== Stored data ==
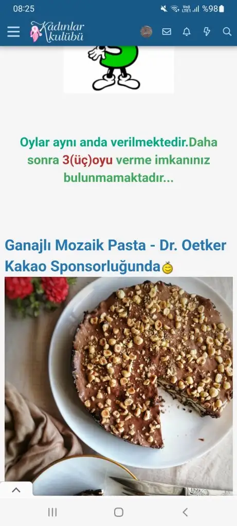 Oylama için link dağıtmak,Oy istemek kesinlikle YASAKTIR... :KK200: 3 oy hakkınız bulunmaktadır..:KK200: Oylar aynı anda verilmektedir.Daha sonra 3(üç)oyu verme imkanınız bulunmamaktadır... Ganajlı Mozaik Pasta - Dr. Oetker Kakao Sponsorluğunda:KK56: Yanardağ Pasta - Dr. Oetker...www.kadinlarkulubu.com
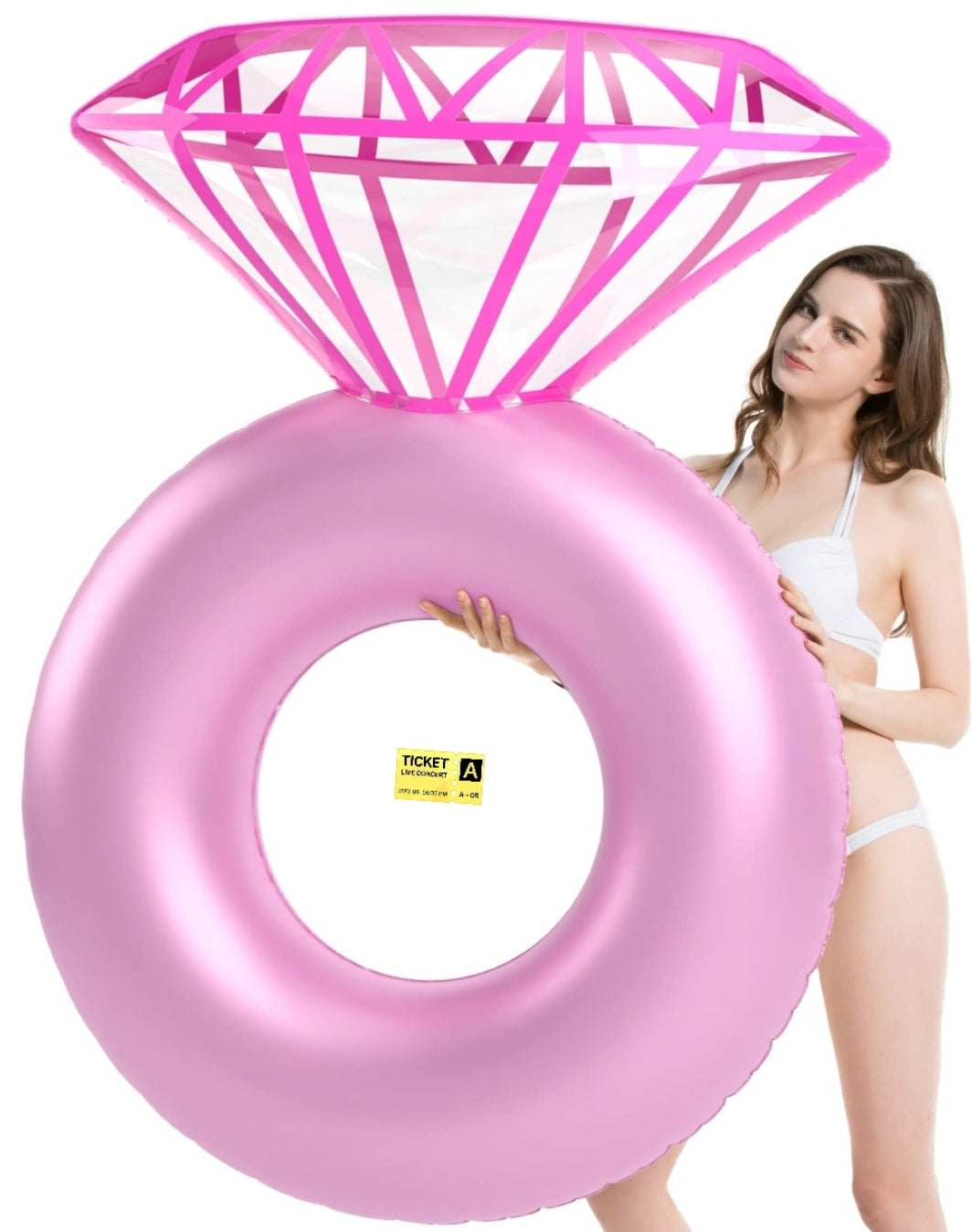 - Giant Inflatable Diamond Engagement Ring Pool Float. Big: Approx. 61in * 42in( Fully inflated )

==

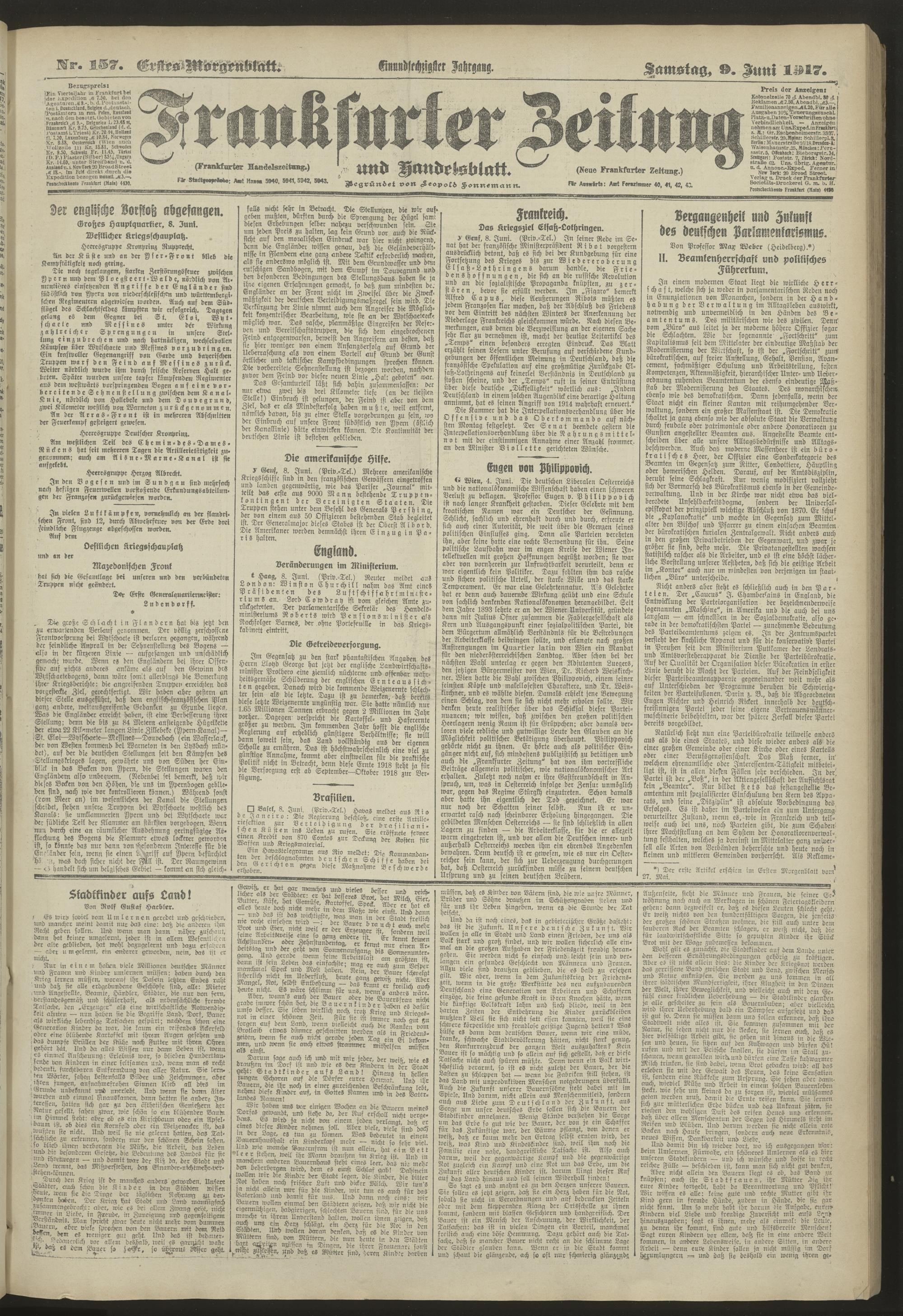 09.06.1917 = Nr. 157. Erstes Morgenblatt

---

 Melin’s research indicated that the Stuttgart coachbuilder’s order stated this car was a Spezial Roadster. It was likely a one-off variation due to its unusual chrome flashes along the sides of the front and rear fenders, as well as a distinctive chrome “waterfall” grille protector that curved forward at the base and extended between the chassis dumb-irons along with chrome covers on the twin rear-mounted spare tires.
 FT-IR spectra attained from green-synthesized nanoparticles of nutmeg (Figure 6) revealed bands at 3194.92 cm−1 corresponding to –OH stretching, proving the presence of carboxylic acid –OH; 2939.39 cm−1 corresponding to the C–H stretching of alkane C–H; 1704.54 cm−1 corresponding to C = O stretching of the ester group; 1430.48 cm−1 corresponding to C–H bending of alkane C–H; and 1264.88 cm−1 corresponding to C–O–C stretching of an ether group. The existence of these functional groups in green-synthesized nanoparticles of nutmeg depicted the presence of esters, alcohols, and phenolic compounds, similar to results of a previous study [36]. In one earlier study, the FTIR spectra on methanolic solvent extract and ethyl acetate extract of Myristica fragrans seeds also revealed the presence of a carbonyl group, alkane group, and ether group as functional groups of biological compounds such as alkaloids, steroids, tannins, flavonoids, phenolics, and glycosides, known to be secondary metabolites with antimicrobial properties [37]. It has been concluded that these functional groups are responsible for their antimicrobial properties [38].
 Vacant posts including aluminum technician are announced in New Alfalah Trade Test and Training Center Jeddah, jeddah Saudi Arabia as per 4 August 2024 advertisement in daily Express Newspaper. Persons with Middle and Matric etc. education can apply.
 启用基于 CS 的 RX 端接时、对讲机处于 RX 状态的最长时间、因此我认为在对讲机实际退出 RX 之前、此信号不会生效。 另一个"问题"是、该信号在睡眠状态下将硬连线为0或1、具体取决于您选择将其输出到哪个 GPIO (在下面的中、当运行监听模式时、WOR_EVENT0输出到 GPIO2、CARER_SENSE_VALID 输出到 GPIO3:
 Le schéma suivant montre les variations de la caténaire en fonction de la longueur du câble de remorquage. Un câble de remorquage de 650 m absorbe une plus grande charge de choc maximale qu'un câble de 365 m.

== What this task involves ==
In the entries above, find the line with "Oylama için link" and the line with "- Giant Inflatable". Return exactly those lines and all the ones between them, pictures excluded.

== Answer for this exercise ==
 Oylama için link dağıtmak,Oy istemek kesinlikle YASAKTIR... :KK200: 3 oy hakkınız bulunmaktadır..:KK200: Oylar aynı anda verilmektedir.Daha sonra 3(üç)oyu verme imkanınız bulunmamaktadır... Ganajlı Mozaik Pasta - Dr. Oetker Kakao Sponsorluğunda:KK56: Yanardağ Pasta - Dr. Oetker...www.kadinlarkulubu.com
 - Giant Inflatable Diamond Engagement Ring Pool Float. Big: Approx. 61in * 42in( Fully inflated )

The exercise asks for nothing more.